### REQUIRED ACTION
Starting with the first line below, extract each line through the one that contains "Les utilisateurs peuvent", inclusive, excluding pictures.

[Records from a data collection]
* * *
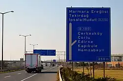 Edirne ↔ Kırklareli ↔ Lüleburgaz ↔ İstanbul ↔ Gebze ↔ İzmit ↔ Adapazarı ↔ Düzce ↔ Bolu ↔ Gerede ↔ Çerkeş ↔ Çorum ↔ Merzifon ↔ Amasya ↔ Erbaa ↔ Suşehri ↔ Erzincan ↔ Aşkale ↔ Erzurum ↔ Horasan ↔ Ağrı ↔ Doğubeyazıt
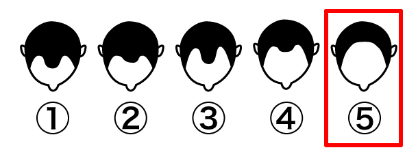 なかなか厳しい結果になりましたが、そのなかでも意外だったのが、5%の女性は上記の図ぐらい薄毛でやっと薄毛だと判断するようです!いや〜!素晴らしい!
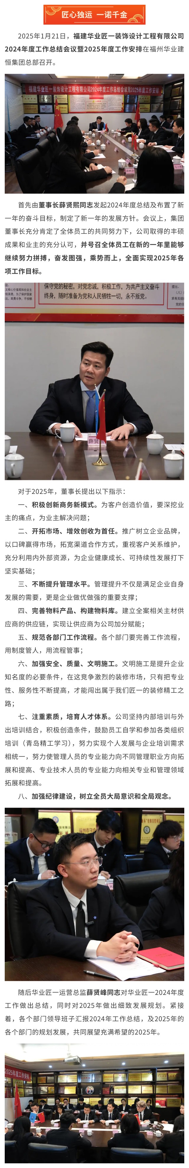 福建华业匠一装饰设计工程有限公司2024年度工作总结会议暨2025年度工作安排顺利召开
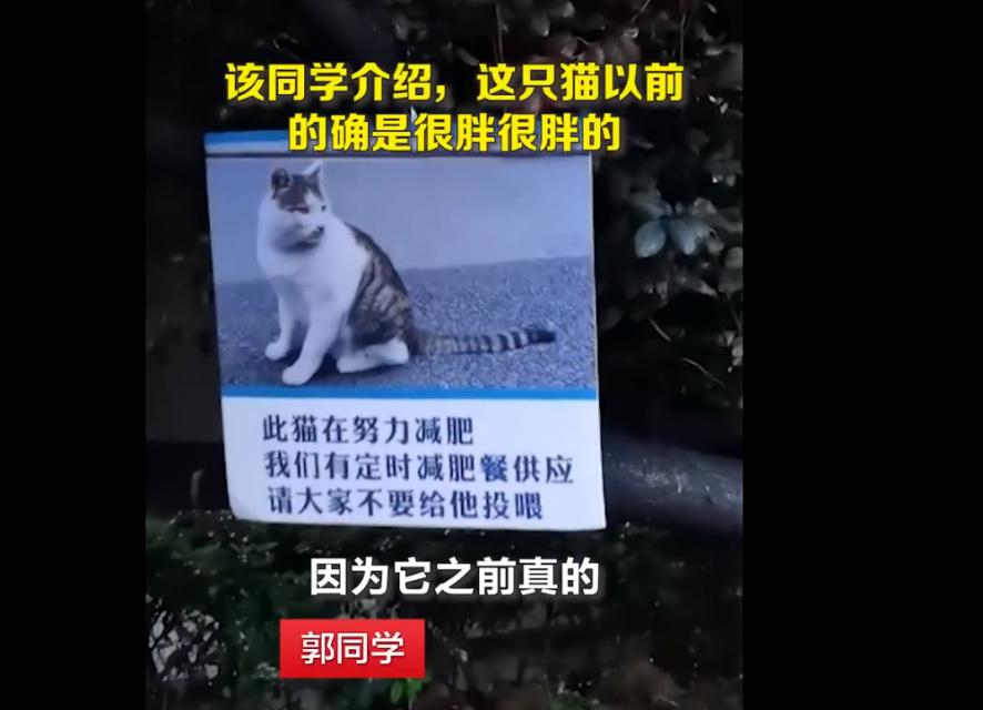 3、流浪猫因吃太胖被挂牌强制减肥 12日,湖北武汉,一位同学取快递时,发现附近有只猫咪,旁边树上还挂了一块牌子,称该猫正在减肥,有人定期供应减肥餐,请大家不要再投喂它。该同学介绍,之前这只猫的确是很胖很胖的。(@荔枝新闻)
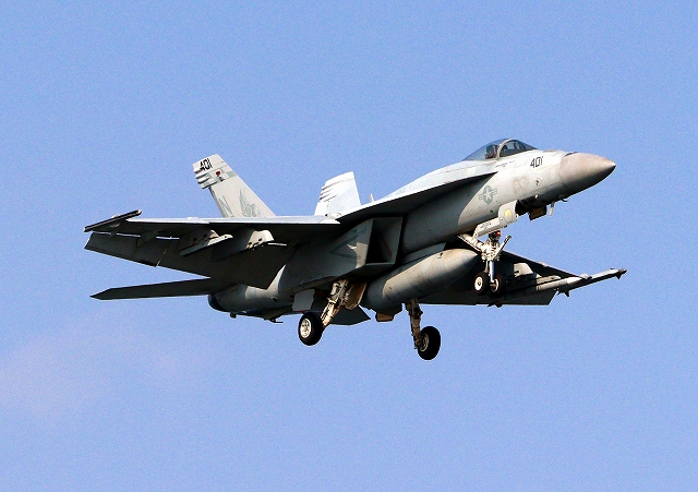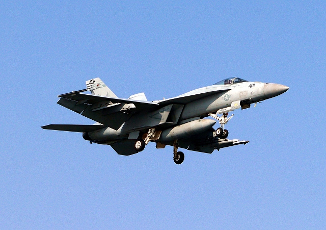 米海軍艦載機 F/A-18E スーパーホーネット 戦闘攻撃機(岩国基地)、NF、401番機が着陸 |
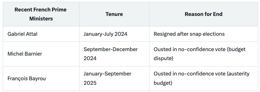 Economic impact: French bond yields have risen above those of Spain, Portugal, and Greece, signaling investor concerns. A potential sovereign debt downgrade looms, and stocks in banks like BNP Paribas fell 5-10%. Analysts warn of IMF intervention risks if instability persists.
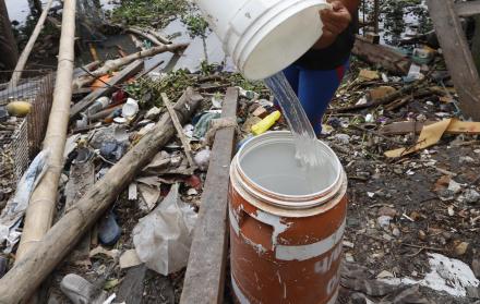 Abasteciéndose con agua del río Babahoyo, así encontramos a Birmania Guale, habitante de la cooperativa 16 de Abril del cantón Durán, uno de los tantos sectores de esta ciudad donde desde hace varias décadas no tienen agua potable con normalidad.
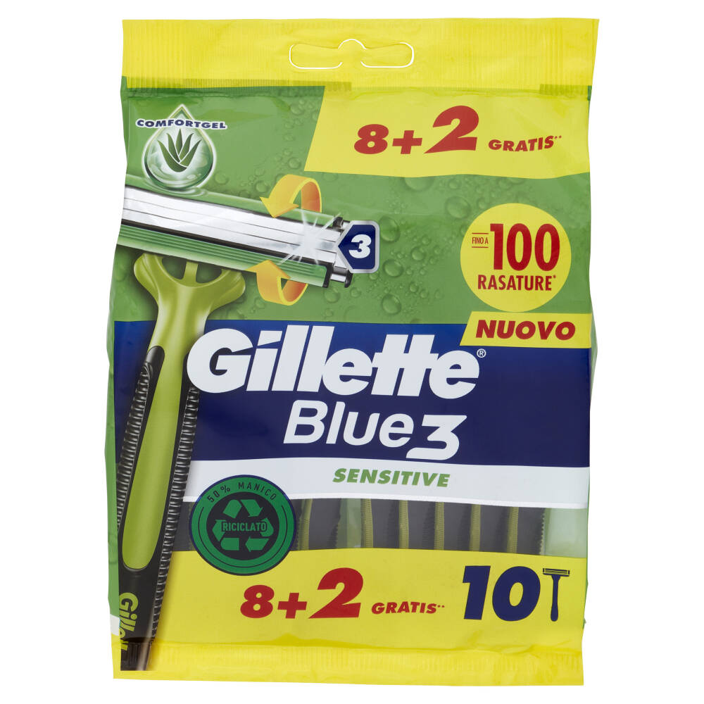 Gillette Rasoio Uomo Blue3 Sensitive Usa e Getta a 3 Lame, Confezione da 8 rasoi+2 Gratis = 10 Rasoi
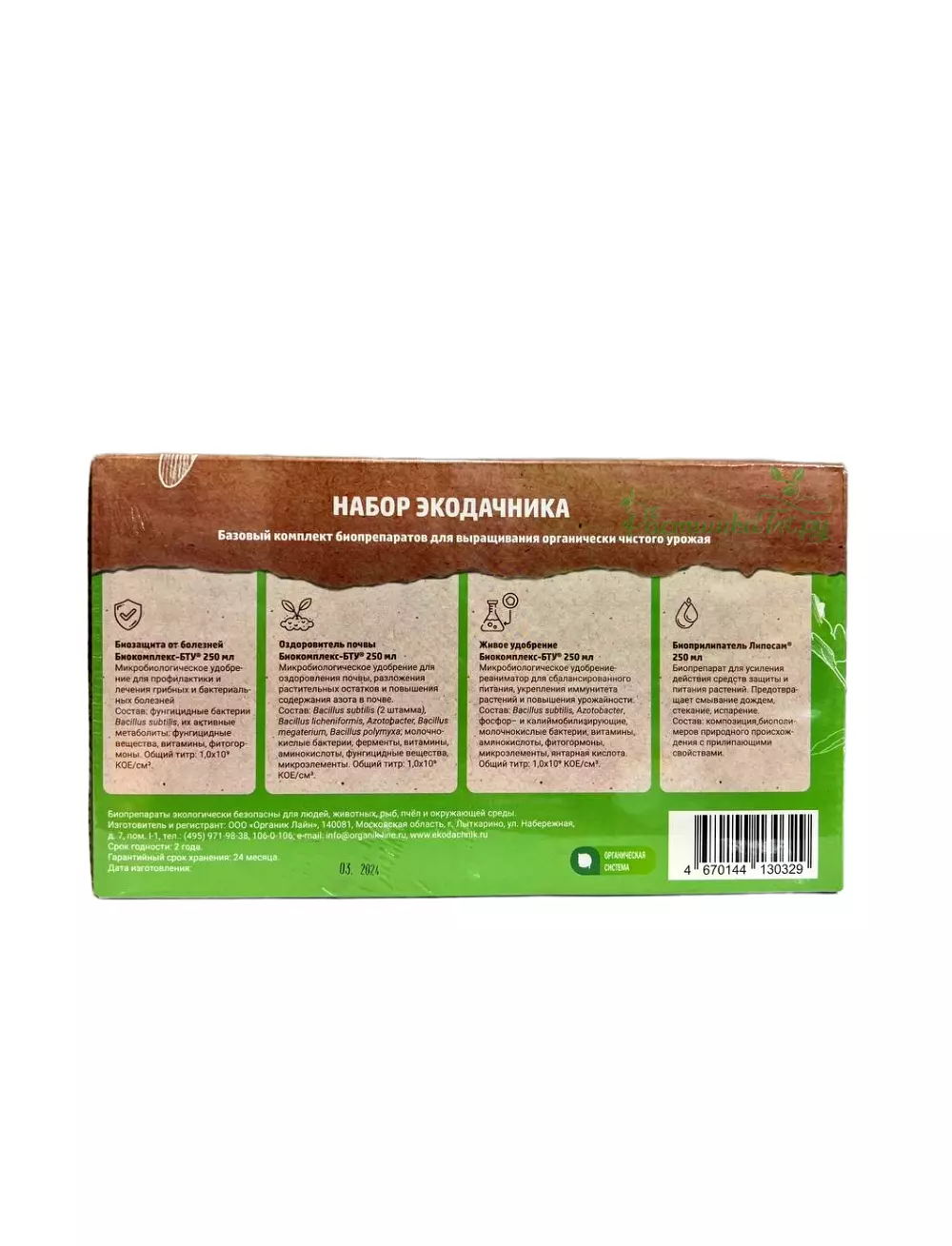 Набор Экодачника из 4 удобрений - это 4 биопрепарата для выращивания экологически чистых овощей и фруктов на своем участке. В него входят: Биозащита от болезней, Живое удобрение, Оздоровитель почвы и биоприлипатель Липосам, которые помогут Вам исключить применение химии в саду и на огороде. Препараты полностью безопасны для людей, домашних животных и окружающей среды. Продукция, выращенная с их помощью, считается экологически чистой. В составе Биокомплексов-БТУ входит специальный комплекс полезных бактерий для решения разных задач: биозащиты от грибных и бактериальных болезней (Биозащита от болезней), восстановление плодородия (Оздоровитель почвы) и сбалансированного питания (Живое удобрение), усиление и закрепление средств защиты на растениях(Липосам). Применять можно от обработки семян и до сбора экологически чистого урожая овощных и плодово-ягодных культур. Действовать согласно инструкции на этикетке.
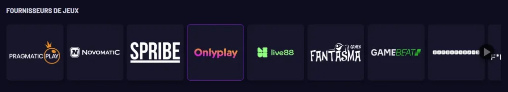 Les utilisateurs peuvent sélectionner un fournisseur directement dans le lobby pour n’afficher que ses slots. Cela permet, par exemple, de se concentrer sur les nouveautés d’un éditeur donné ou de retrouver rapidement des mécaniques de jeu auxquelles on est déjà habitué.
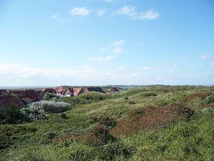 Blick von den Dünen aufs HausBlick auf Loog. Haus Wellhorn ist eines der Häuser in der Bildmitte, kurz vor den Dünen.
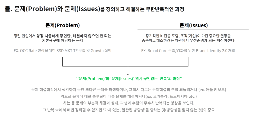 단 여기서 말하는 ‘문제’란 정말 현실에서 당장 시급하게 당면한, 해결하지 않으면 안 되는 기본욕구에 해당하는 문제(problem) 만을 의미하는 것은 아닙니다. 인간은 끝없는 욕구의 동물이기에 가장 단순한 생리적 욕구부터 고차원적인 자아실현의 욕구까지 수많은 욕구를 충족하고 해소하려는 차원에서 ‘문제issue’- 논의의 대상이 될 수 있는 주제 - 를 적극적으로 찾고 이에 개인, 조직, 기업 고유의 해석을 더합니다. 그런 차원에서 목표관리는 곧 우리의 가득한, 그리고 다양한 층위의 욕구를 포괄적으로 이슈화, 문제 정의하고 해결하는 과정이기도 합니다.
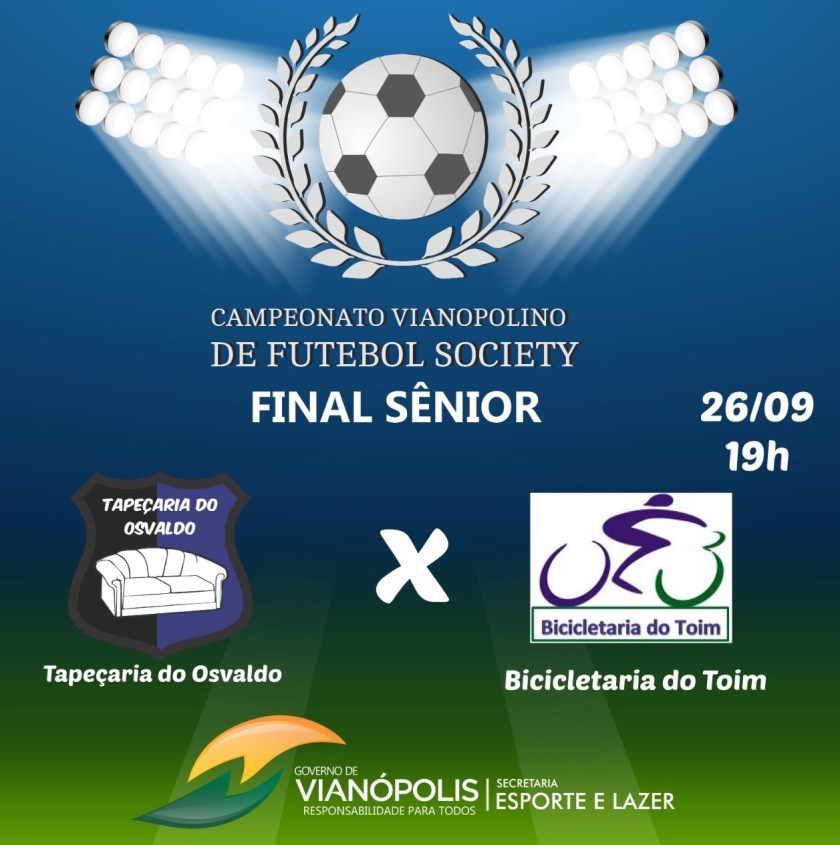 Nesta quinta-feira 26-09-2019 vai acontecer a grande final do Campeonato Vianopolino de futebol 7 Society nas categorias Adultos, Masters e Sênior, horário de início às 19:00 horas.
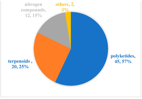 Since Cephalosporins were isolated from the secondary metabolites of marine-derived fungus Acremonium chrysogenum in 1945, especially since the 1990s, more than 20,000 inspirational natural products with diverse structures and potential bioactivities have been discovered in marine microbes [55]. From our literature review, although marine microbial secondary metabolites have been shown to have diverse biological activities [11,56], there are relatively few reports evaluating their antibacterial activity against aquatic pathogens [13,14,15,16,17,18,19,20,21,22,23,24,25,26,27,28,29,30,31,32,33,34,35,36,37,38,39,40,41,42,43,44,45,46,47,48,49,50,51,52,53,54]. Among the 79 active molecules against aquatic bacterial pathogens, there are only 15 compounds derived from marine bacteria, accounting for 19%. In contrast, antibacterial compounds derived from marine fungi accounted for more than 80%, and were isolated mainly from two genera Aspergillus (23, 29%) and Penicillium (20, 25%) (Figure 5). When it comes to structural classes, polyketides, terpenoids and nitrogen-containing compounds are the three major structural types of marine microbial-derived anti-aquatic pathogenic bacterial active molecules, accounting for 57%, 25%, and 15%, respectively (Figure 6).
* * *
### RESULT OF THE EXERCISE
 Edirne ↔ Kırklareli ↔ Lüleburgaz ↔ İstanbul ↔ Gebze ↔ İzmit ↔ Adapazarı ↔ Düzce ↔ Bolu ↔ Gerede ↔ Çerkeş ↔ Çorum ↔ Merzifon ↔ Amasya ↔ Erbaa ↔ Suşehri ↔ Erzincan ↔ Aşkale ↔ Erzurum ↔ Horasan ↔ Ağrı ↔ Doğubeyazıt
 なかなか厳しい結果になりましたが、そのなかでも意外だったのが、5%の女性は上記の図ぐらい薄毛でやっと薄毛だと判断するようです!いや〜!素晴らしい!
 福建华业匠一装饰设计工程有限公司2024年度工作总结会议暨2025年度工作安排顺利召开
 3、流浪猫因吃太胖被挂牌强制减肥 12日,湖北武汉,一位同学取快递时,发现附近有只猫咪,旁边树上还挂了一块牌子,称该猫正在减肥,有人定期供应减肥餐,请大家不要再投喂它。该同学介绍,之前这只猫的确是很胖很胖的。(@荔枝新闻)
 米海軍艦載機 F/A-18E スーパーホーネット 戦闘攻撃機(岩国基地)、NF、401番機が着陸 |
 Economic impact: French bond yields have risen above those of Spain, Portugal, and Greece, signaling investor concerns. A potential sovereign debt downgrade looms, and stocks in banks like BNP Paribas fell 5-10%. Analysts warn of IMF intervention risks if instability persists.
 Abasteciéndose con agua del río Babahoyo, así encontramos a Birmania Guale, habitante de la cooperativa 16 de Abril del cantón Durán, uno de los tantos sectores de esta ciudad donde desde hace varias décadas no tienen agua potable con normalidad.
 Gillette Rasoio Uomo Blue3 Sensitive Usa e Getta a 3 Lame, Confezione da 8 rasoi+2 Gratis = 10 Rasoi
 Набор Экодачника из 4 удобрений - это 4 биопрепарата для выращивания экологически чистых овощей и фруктов на своем участке. В него входят: Биозащита от болезней, Живое удобрение, Оздоровитель почвы и биоприлипатель Липосам, которые помогут Вам исключить применение химии в саду и на огороде. Препараты полностью безопасны для людей, домашних животных и окружающей среды. Продукция, выращенная с их помощью, считается экологически чистой. В составе Биокомплексов-БТУ входит специальный комплекс полезных бактерий для решения разных задач: биозащиты от грибных и бактериальных болезней (Биозащита от болезней), восстановление плодородия (Оздоровитель почвы) и сбалансированного питания (Живое удобрение), усиление и закрепление средств защиты на растениях(Липосам). Применять можно от обработки семян и до сбора экологически чистого урожая овощных и плодово-ягодных культур. Действовать согласно инструкции на этикетке.
 Les utilisateurs peuvent sélectionner un fournisseur directement dans le lobby pour n’afficher que ses slots. Cela permet, par exemple, de se concentrer sur les nouveautés d’un éditeur donné ou de retrouver rapidement des mécaniques de jeu auxquelles on est déjà habitué.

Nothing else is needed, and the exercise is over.